> [PROVIDED DATA]

■ ■ ■ ■ ■ ■ ■

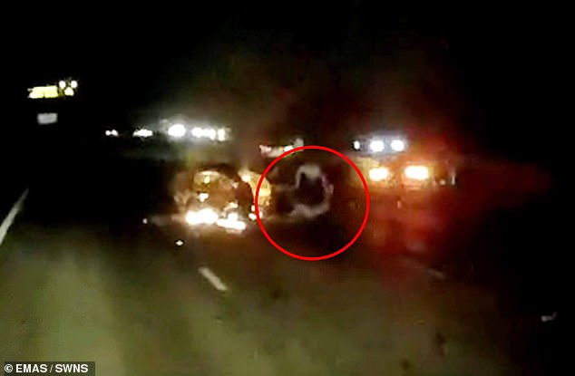 Dramatic dashcam footage showed one of the cars engulfed in flames in the middle lane while the other car had struck the central barrier.
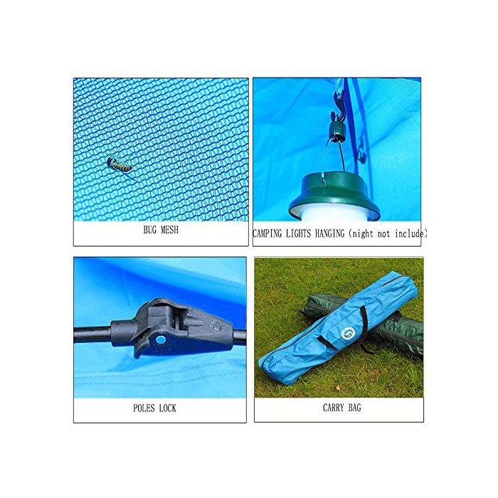 【세부 소개】내부는 자외선 컷의 UV도장이 무심코(그만) 있습니다. 텐트 상부에 환기 메쉬 있고, 비의 침입이나 자외선 방지용의 커버도 붙고 있습니다.도어도 두 개 있고, 각각 메쉬와 천의 2층이 있어 유독한 모기와 충등에교 희귀지 않습니다.실내에는 랜턴용 훅이나 소품 수납 포켓이 붙어 있어 편리합니다.
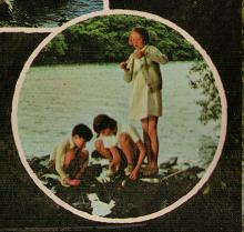 Sten Grendon as Roger Walker being taught to swim by Suzanna Hamilton playing his elder sister Susan Walker on location at Peel Island on Coniston Water in 1973
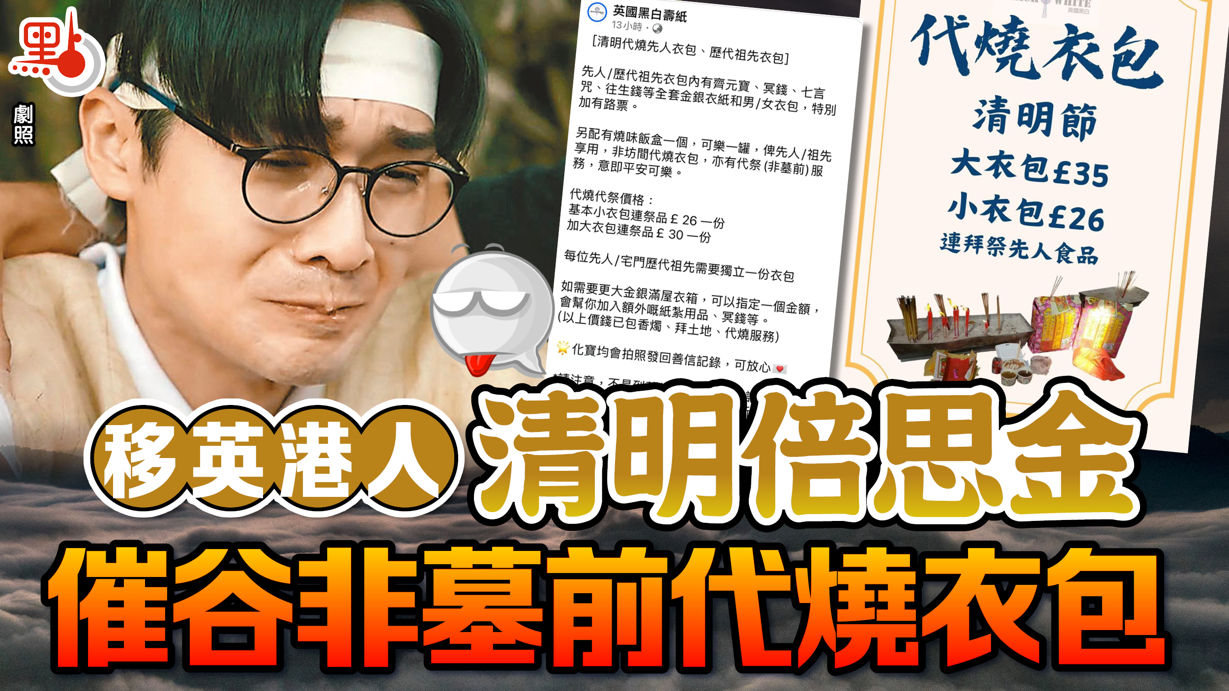有一個名為「英國黑白壽紙」專頁,近日在移英港人群組催谷生意,指可以提供「清明代燒先人衣包、歷代祖先衣包」,服務內容為:先人/歷代祖先衣包內有齊元寶、冥錢、七言咒、往生錢等全套衣紙和男/女衣包,特別加有路票;另配有燒味飯盒一個,可樂一罐,畀先人/祖先享用,非坊間代燒衣包,亦有代祭服務,之不過,就註明不是到墓前代祭,係當天請祖先,會先拜土地。

■ ■ ■ ■ ■ ■ ■

> [YOUR GOAL] The answer must be the full listing retyped exactly, with no pictures in it.

> [OUTPUT FOR THIS EXERCISE]
 Dramatic dashcam footage showed one of the cars engulfed in flames in the middle lane while the other car had struck the central barrier.
 【세부 소개】내부는 자외선 컷의 UV도장이 무심코(그만) 있습니다. 텐트 상부에 환기 메쉬 있고, 비의 침입이나 자외선 방지용의 커버도 붙고 있습니다.도어도 두 개 있고, 각각 메쉬와 천의 2층이 있어 유독한 모기와 충등에교 희귀지 않습니다.실내에는 랜턴용 훅이나 소품 수납 포켓이 붙어 있어 편리합니다.
 Sten Grendon as Roger Walker being taught to swim by Suzanna Hamilton playing his elder sister Susan Walker on location at Peel Island on Coniston Water in 1973
有一個名為「英國黑白壽紙」專頁,近日在移英港人群組催谷生意,指可以提供「清明代燒先人衣包、歷代祖先衣包」,服務內容為:先人/歷代祖先衣包內有齊元寶、冥錢、七言咒、往生錢等全套衣紙和男/女衣包,特別加有路票;另配有燒味飯盒一個,可樂一罐,畀先人/祖先享用,非坊間代燒衣包,亦有代祭服務,之不過,就註明不是到墓前代祭,係當天請祖先,會先拜土地。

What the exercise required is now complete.